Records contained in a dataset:
·····
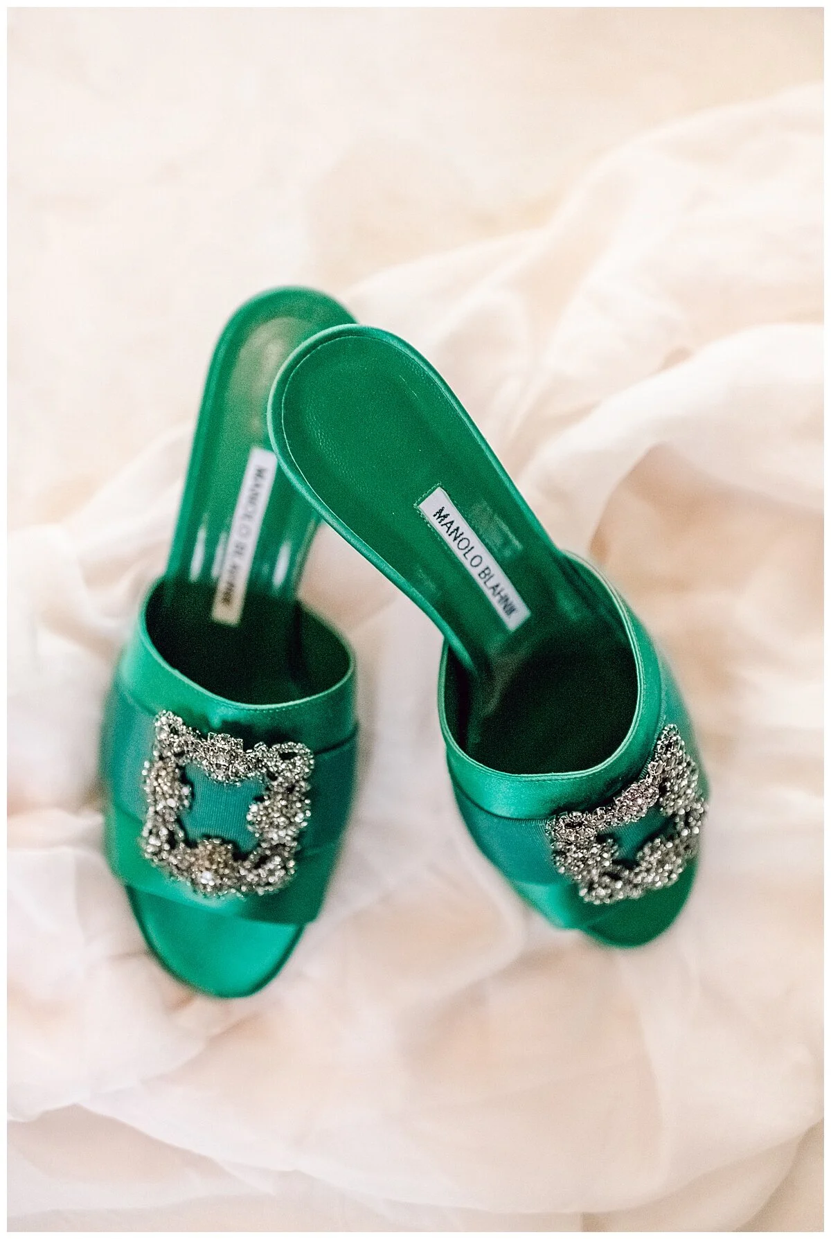 The bridesmaids wore elegant fuchsia dresses by Holston and shoes with a sparkle to match. The mother of the bride had a gorgeous dress to match the summer season and emerald Manolo Blahnik shoes. From the choice of shoes, hair pieces and of course the dresses, every detail was organized to perfection. The Little Black Dress Paperie never disappoints with creating the most perfect wedding invitation. I loved the soft pink flowers that lined the envelopes.
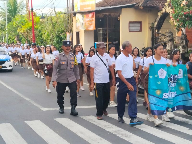 Gianyar – Dalam rangka menjaga keamanan dan kelancaran kegiatan masyarakat, Bhabinkamtibmas Kelurahan Gianyar bersama Babinsa melaksanakan pengamanan dan pengaturan arus lalu lintas pada kegiatan jalan santai dalam rangka Hari Ulang Tahun (HUT) SMK Sanjiwani Gianyar.
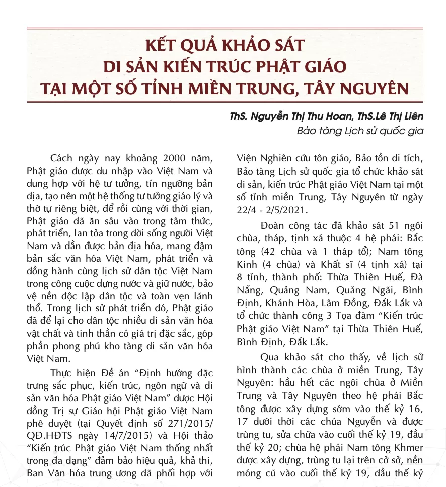 Kết quả khảo sát Di sản Kiến trúc Phật giáo tại một số tỉnh Miền Trung, Tây Nguyên
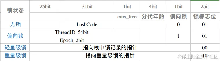 - 无锁:当线程不持有该对象的锁时,对象处于无锁状态
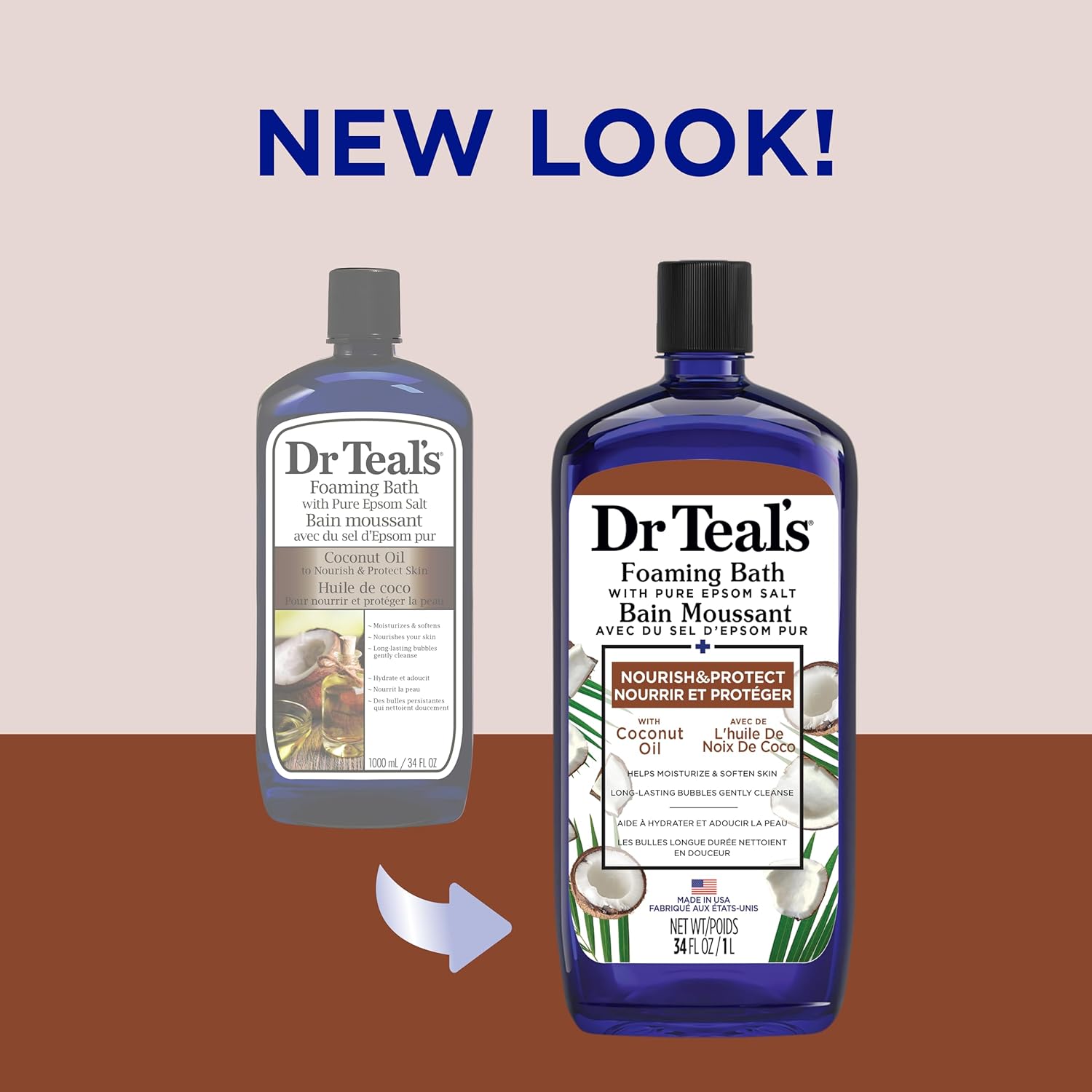 Dr. Teal’s Coconut Oil Foaming Bath with Pure Epsom Salt (1 Bottle, 34 oz) – Essential Oils Nourish & Protect your Skin – Relieve Stress & Revitalize Tired, Achy Muscles at Home – Long Lasting Bubbles
·····
§ EXERCISE DIRECTIONS
Copy out nothing but the lines from the beginning of the records through the one that contains "- 无锁:当线程不持有该对象的锁时,对象处于无锁状态". Skip the pictures.

§ PROBLEM SOLUTION
 The bridesmaids wore elegant fuchsia dresses by Holston and shoes with a sparkle to match. The mother of the bride had a gorgeous dress to match the summer season and emerald Manolo Blahnik shoes. From the choice of shoes, hair pieces and of course the dresses, every detail was organized to perfection. The Little Black Dress Paperie never disappoints with creating the most perfect wedding invitation. I loved the soft pink flowers that lined the envelopes.
 Gianyar – Dalam rangka menjaga keamanan dan kelancaran kegiatan masyarakat, Bhabinkamtibmas Kelurahan Gianyar bersama Babinsa melaksanakan pengamanan dan pengaturan arus lalu lintas pada kegiatan jalan santai dalam rangka Hari Ulang Tahun (HUT) SMK Sanjiwani Gianyar.
 Kết quả khảo sát Di sản Kiến trúc Phật giáo tại một số tỉnh Miền Trung, Tây Nguyên
 - 无锁:当线程不持有该对象的锁时,对象处于无锁状态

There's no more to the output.